**AIM OF THE EXERCISE**
Only the lines from the beginning of the data through the one with "떡볶이 단품 가격은 10,900원으로" belong in the answer, each retyped exactly, with pictures left out.

◆ ◆ ◆ ◆

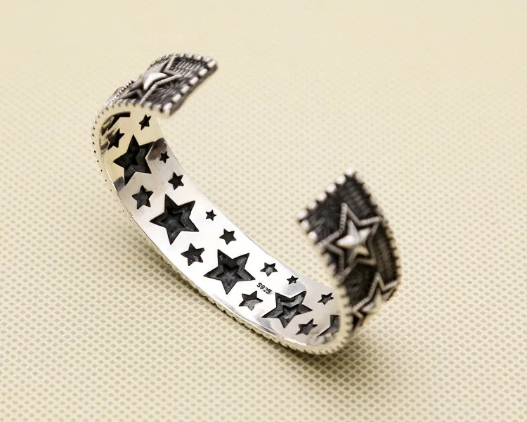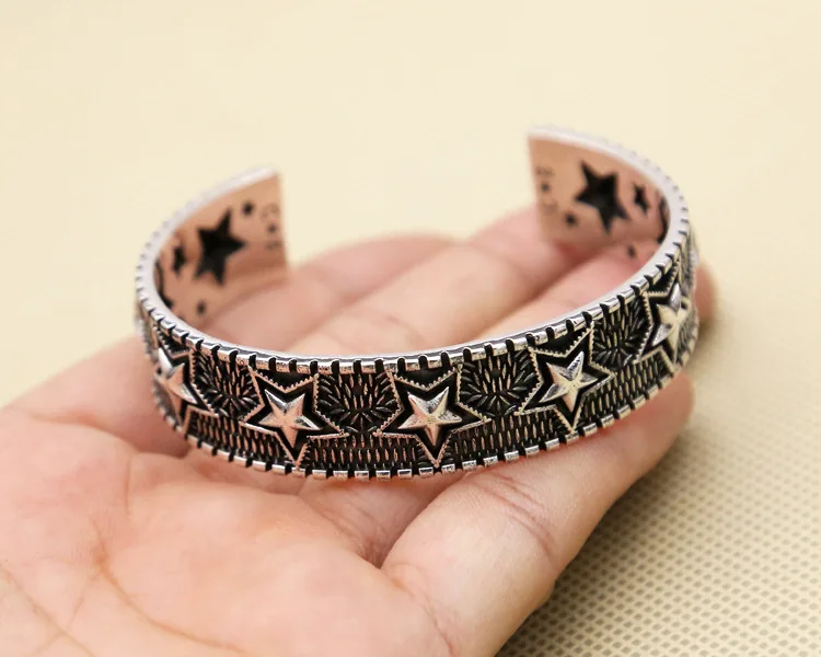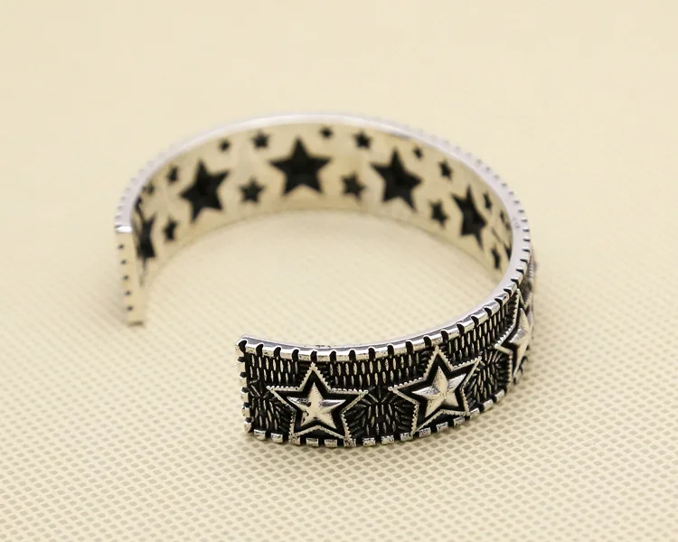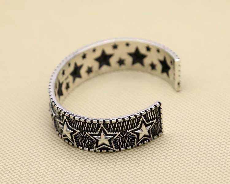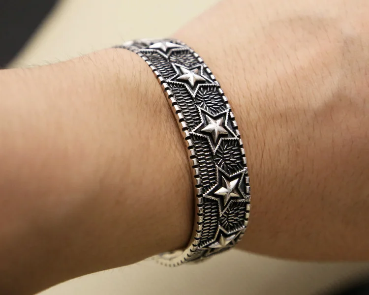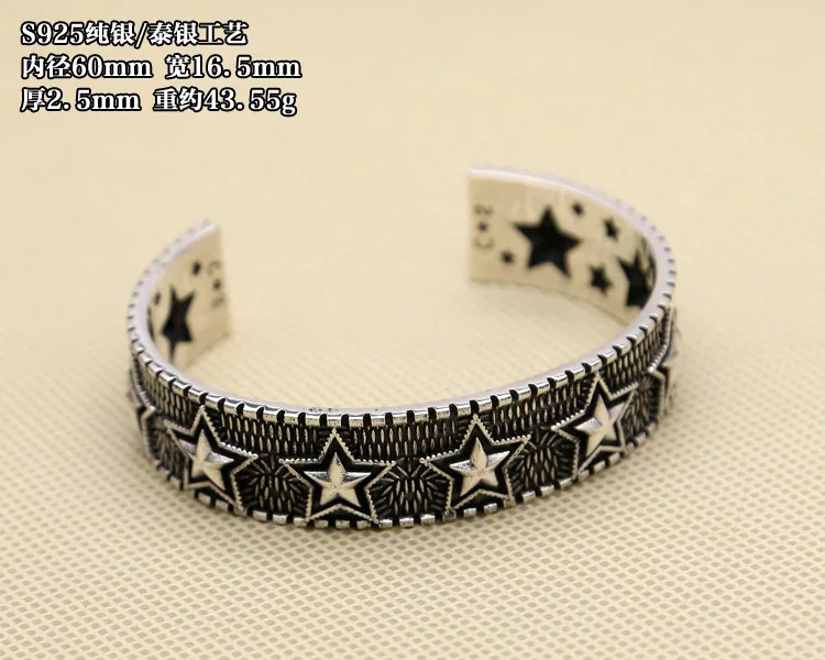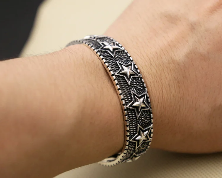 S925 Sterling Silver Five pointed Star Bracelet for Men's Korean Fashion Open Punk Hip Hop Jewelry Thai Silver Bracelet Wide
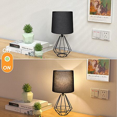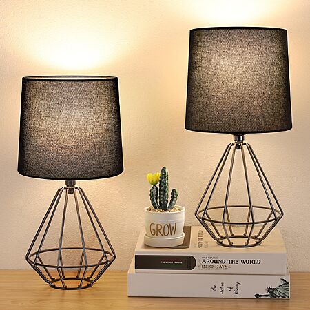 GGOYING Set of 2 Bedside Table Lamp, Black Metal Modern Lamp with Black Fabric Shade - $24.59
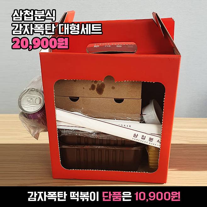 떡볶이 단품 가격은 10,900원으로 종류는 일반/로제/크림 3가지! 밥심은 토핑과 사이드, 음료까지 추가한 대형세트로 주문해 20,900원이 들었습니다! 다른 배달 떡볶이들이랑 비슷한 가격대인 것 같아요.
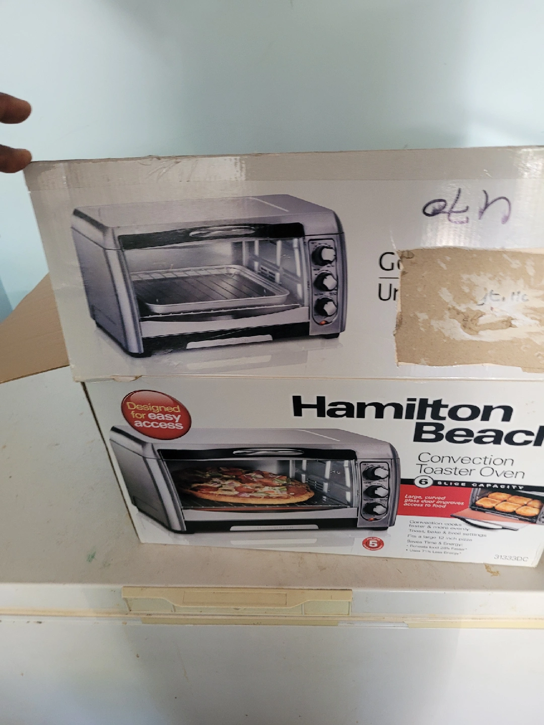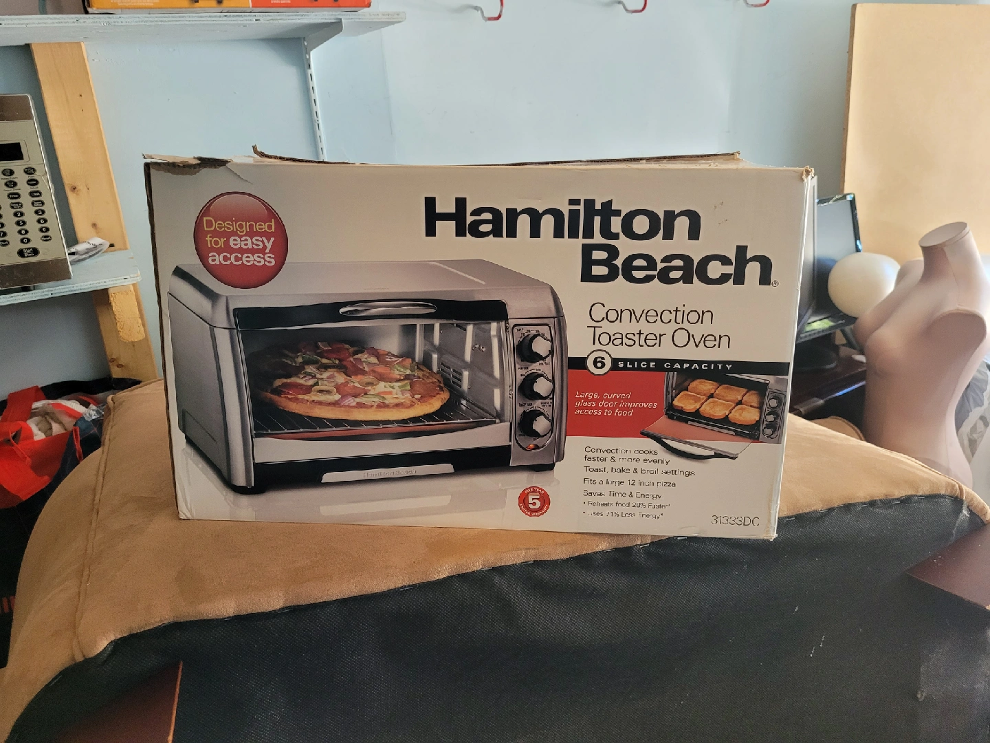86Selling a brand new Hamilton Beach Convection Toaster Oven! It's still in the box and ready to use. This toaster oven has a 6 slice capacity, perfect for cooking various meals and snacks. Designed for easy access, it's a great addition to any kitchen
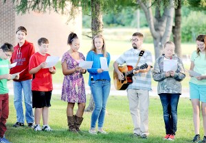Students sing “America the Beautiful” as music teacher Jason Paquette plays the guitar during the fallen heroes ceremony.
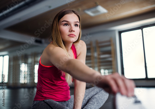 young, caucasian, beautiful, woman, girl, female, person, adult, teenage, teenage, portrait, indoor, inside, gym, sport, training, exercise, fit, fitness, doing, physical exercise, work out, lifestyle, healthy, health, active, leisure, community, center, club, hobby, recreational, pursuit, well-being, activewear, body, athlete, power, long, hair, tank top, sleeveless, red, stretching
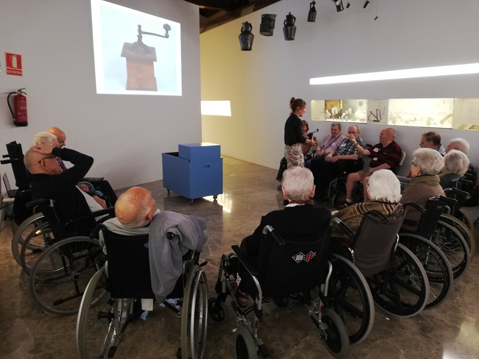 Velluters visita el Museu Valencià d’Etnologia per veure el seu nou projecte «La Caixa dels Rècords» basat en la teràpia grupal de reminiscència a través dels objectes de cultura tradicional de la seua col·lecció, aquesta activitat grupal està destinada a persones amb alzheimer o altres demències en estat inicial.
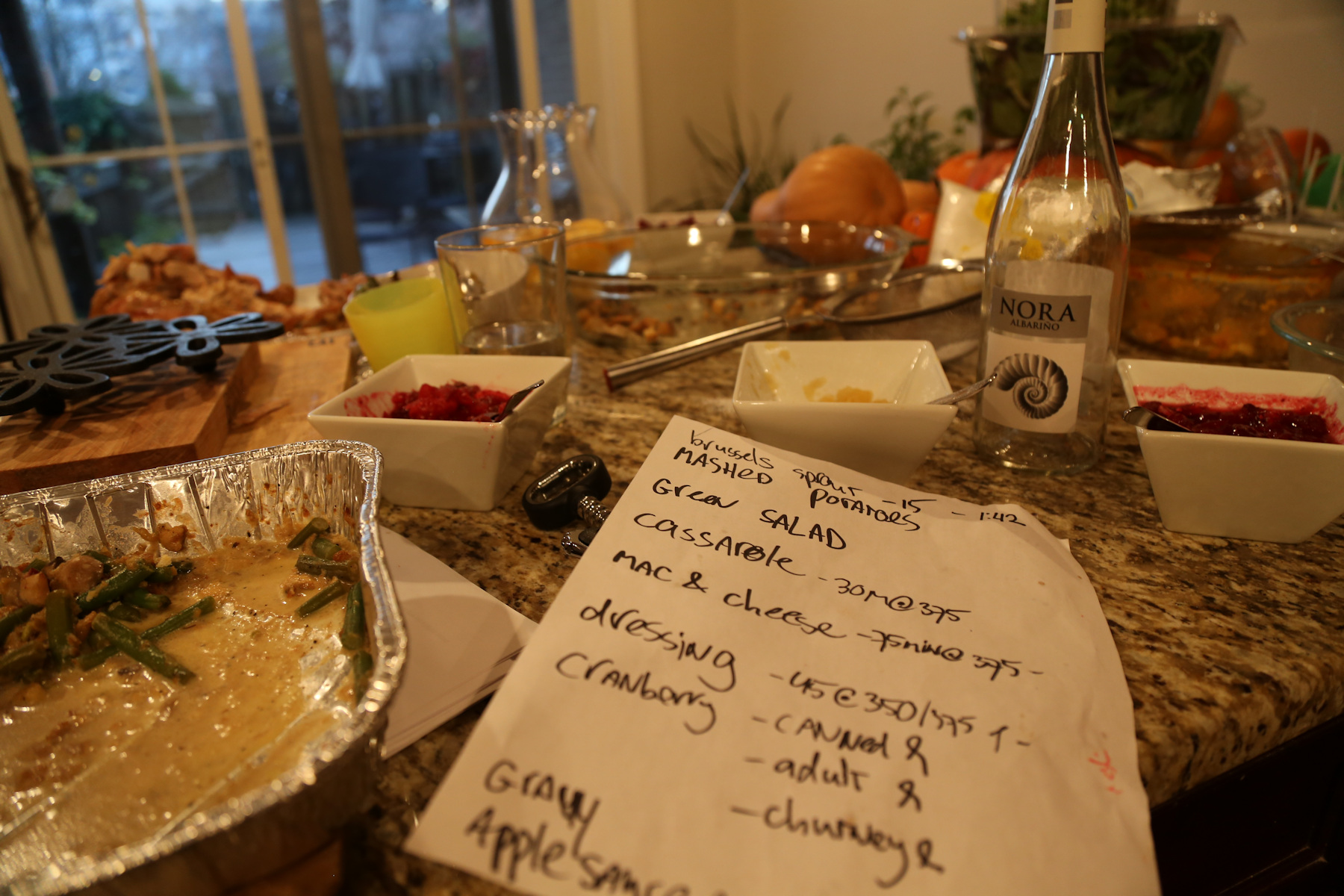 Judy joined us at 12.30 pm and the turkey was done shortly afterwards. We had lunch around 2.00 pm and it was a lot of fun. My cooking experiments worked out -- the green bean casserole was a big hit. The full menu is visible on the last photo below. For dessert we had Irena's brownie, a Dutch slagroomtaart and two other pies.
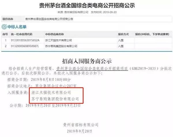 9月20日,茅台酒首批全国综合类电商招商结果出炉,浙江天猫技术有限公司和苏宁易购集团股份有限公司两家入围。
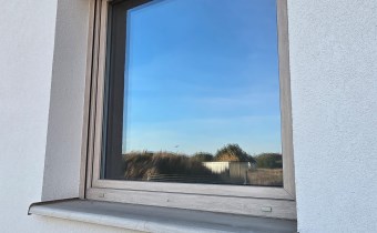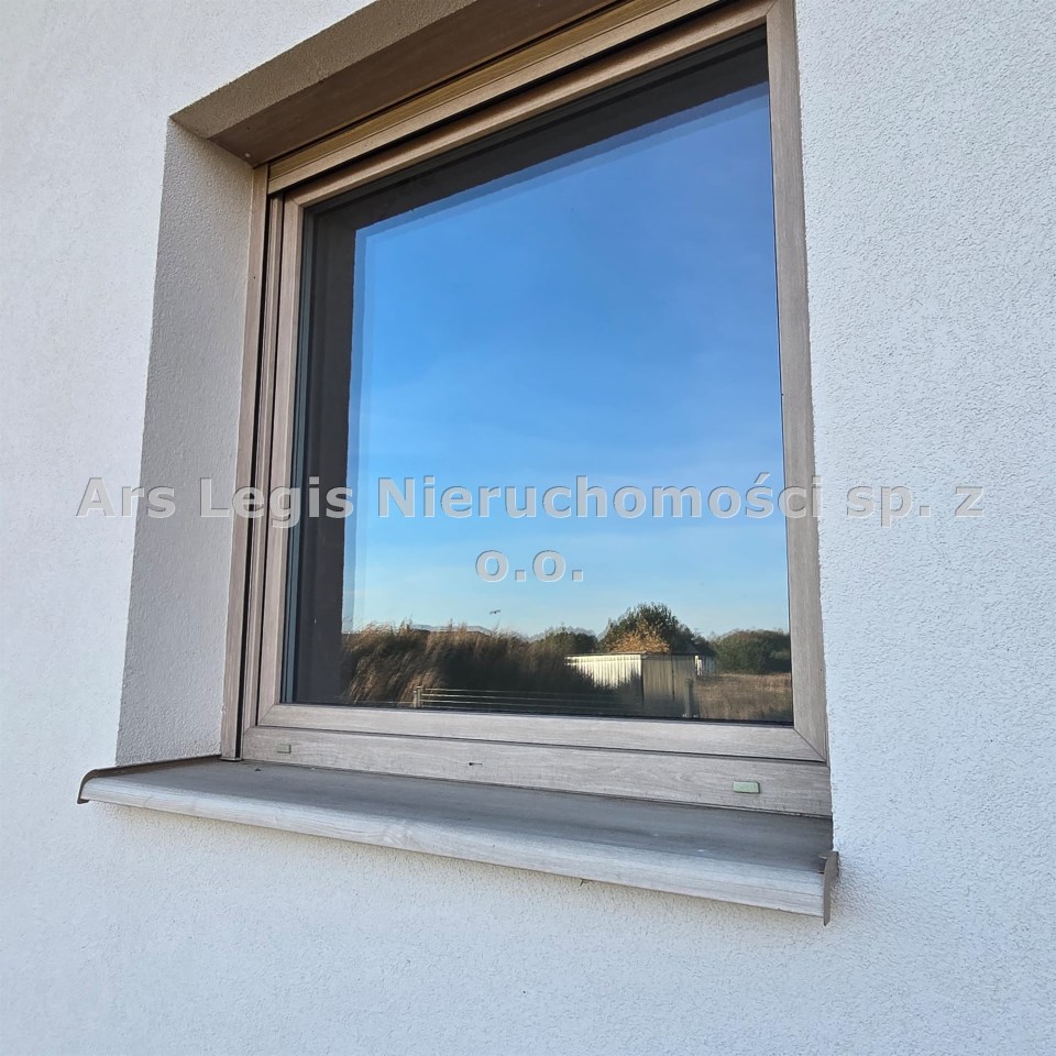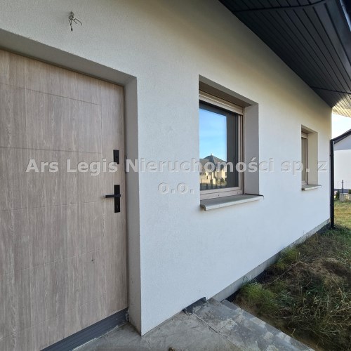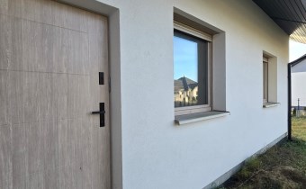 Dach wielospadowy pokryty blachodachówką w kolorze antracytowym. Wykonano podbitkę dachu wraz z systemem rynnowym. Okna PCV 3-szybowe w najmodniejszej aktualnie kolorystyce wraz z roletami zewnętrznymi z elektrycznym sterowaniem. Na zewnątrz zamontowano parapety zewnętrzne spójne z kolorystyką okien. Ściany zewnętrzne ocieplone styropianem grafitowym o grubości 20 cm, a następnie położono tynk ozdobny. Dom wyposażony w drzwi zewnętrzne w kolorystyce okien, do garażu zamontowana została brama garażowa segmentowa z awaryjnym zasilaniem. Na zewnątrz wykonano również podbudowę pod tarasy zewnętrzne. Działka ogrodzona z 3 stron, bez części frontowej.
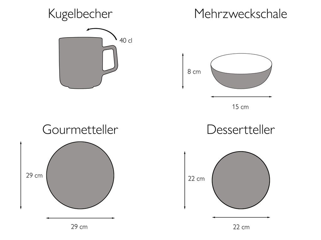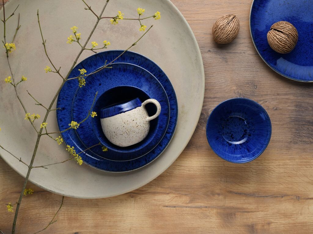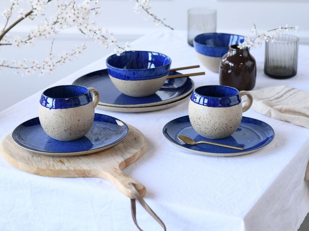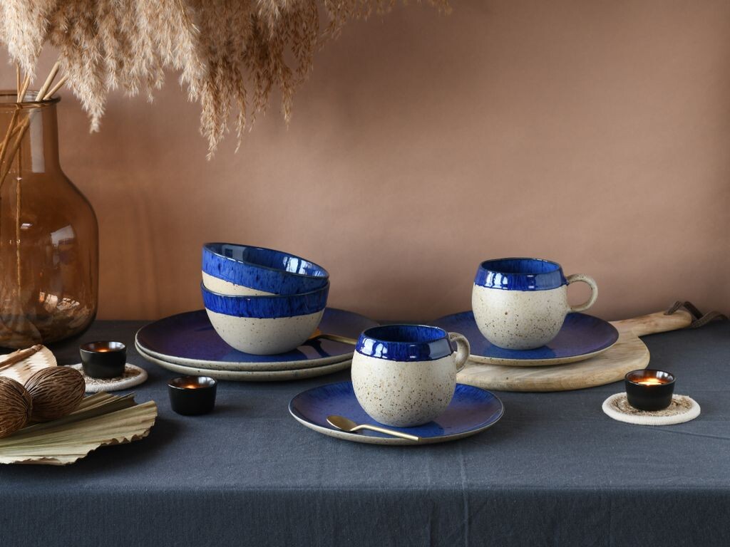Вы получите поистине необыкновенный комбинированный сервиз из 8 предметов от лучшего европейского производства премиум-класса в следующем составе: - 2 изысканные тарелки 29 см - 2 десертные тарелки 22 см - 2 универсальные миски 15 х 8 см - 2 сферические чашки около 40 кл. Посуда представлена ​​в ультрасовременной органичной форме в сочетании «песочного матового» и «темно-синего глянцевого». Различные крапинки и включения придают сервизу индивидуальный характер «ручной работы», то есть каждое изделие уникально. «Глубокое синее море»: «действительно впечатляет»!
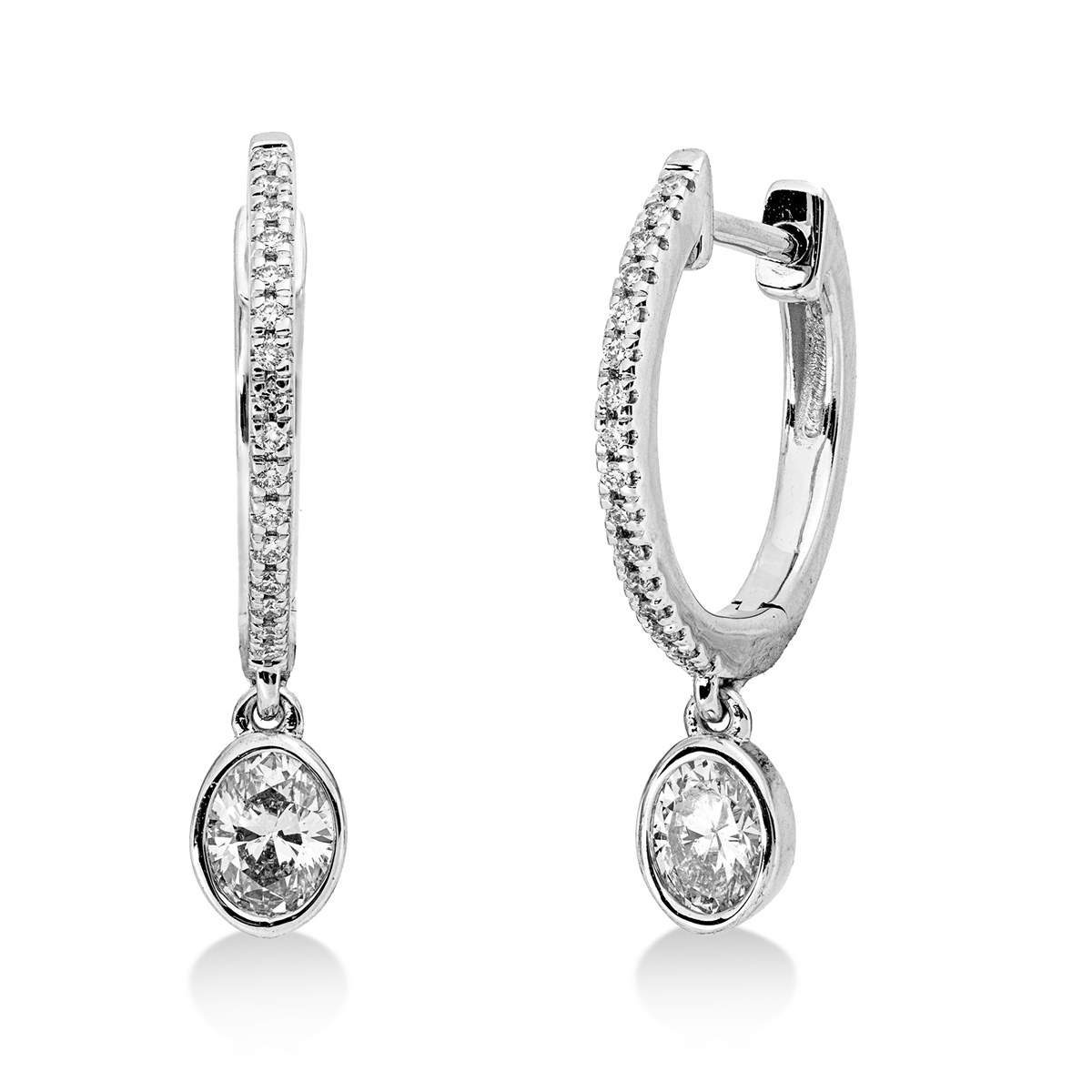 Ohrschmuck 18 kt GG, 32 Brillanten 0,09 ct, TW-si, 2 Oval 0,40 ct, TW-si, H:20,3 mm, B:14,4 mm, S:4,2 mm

◆ ◆ ◆ ◆

**SOLUTION BELOW**
 S925 Sterling Silver Five pointed Star Bracelet for Men's Korean Fashion Open Punk Hip Hop Jewelry Thai Silver Bracelet Wide
 GGOYING Set of 2 Bedside Table Lamp, Black Metal Modern Lamp with Black Fabric Shade - $24.59
 떡볶이 단품 가격은 10,900원으로 종류는 일반/로제/크림 3가지! 밥심은 토핑과 사이드, 음료까지 추가한 대형세트로 주문해 20,900원이 들었습니다! 다른 배달 떡볶이들이랑 비슷한 가격대인 것 같아요.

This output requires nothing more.